In January 1984, I took a seat on a school bus that would change my life. We were young, only teenagers when we met. In some ways, it was an unlikely fit. One part poet and one part engineer. One part song and one part soccer.
On January 4, 1992, we laid it all down, pledging love and even life to this mystery called marriage. Twenty years have passed and I look back on it all with the gifts of time and perspective. These twenty years have been full of days, days of living together and loving hard and being shaped together as one.
We have added new words to our shared vocabulary: qualifying exams, precipitous labor, hemiparesis (how we love you, Michael), family housing, nor’easter. We have learned some Latin as well, those five solas that have become so precious to us as we have rounded them out with our walk of faith.
In twenty years, we have had four addresses and half a dozen children. We have learned the rules of field hockey, the best methods of shoveling snow and how to make stuffed pizza. And by God’s grace, my heart still flutters when I hear the garage door open at the end of the day. I love it when he comes home.

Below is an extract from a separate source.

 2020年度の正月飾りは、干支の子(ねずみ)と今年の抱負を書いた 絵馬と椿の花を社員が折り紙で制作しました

Yet there have been days when the tasks of living have worn me thin. There have been nights when I have lain next to him and offered him a only tangled mass of emotion. He listens, he loves and he has learned not to offer his problem-solving prowess, but simply his arms of mercy.

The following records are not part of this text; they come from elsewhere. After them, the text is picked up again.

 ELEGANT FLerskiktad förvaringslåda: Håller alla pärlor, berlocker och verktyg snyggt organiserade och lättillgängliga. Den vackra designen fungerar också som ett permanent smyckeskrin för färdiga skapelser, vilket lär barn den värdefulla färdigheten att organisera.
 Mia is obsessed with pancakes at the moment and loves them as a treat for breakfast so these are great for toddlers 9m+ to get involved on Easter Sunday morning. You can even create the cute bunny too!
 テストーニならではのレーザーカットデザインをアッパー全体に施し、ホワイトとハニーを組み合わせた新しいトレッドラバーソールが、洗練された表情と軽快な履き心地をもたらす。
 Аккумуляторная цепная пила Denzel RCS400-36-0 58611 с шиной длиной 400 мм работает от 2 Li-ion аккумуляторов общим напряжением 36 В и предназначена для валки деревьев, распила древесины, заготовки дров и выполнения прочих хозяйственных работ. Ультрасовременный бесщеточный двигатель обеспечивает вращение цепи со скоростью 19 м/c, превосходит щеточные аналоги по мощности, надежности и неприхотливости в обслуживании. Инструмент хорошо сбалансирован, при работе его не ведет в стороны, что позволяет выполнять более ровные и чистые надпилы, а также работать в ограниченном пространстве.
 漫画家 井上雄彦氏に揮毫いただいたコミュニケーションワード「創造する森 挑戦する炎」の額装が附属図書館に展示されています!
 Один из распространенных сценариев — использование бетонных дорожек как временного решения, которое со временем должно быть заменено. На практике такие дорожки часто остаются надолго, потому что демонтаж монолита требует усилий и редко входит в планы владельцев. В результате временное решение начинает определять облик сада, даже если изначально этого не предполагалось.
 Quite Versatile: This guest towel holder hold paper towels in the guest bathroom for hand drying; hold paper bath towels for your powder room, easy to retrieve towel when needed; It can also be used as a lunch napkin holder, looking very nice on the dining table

Twenty years ago, we didn’t know much. But we were in love and that was enough. Now “happily ever after” is marked by a choice to live daily and intentionally in the good of the gospel and to offer that “good” to each other.

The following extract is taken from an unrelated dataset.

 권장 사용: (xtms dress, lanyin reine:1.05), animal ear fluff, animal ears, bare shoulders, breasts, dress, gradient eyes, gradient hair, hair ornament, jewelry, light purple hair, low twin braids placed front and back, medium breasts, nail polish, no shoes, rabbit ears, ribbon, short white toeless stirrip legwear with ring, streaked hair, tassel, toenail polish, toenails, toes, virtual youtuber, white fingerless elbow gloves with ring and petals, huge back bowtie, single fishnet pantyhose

I know that marriage is a temporal picture of a greater reality. I know that my forever Husband is waiting for me at the throne of grace, and I long for that day. I really do. But there is also a promise that love never ends and we are walking in that love. We are learning to be patient and kind. We have grown in the ways of protection, trust and hope. We have become more willing to lay aside our preferences for the good of the other. And in these small measures, we have tasted the sweetness of eternity.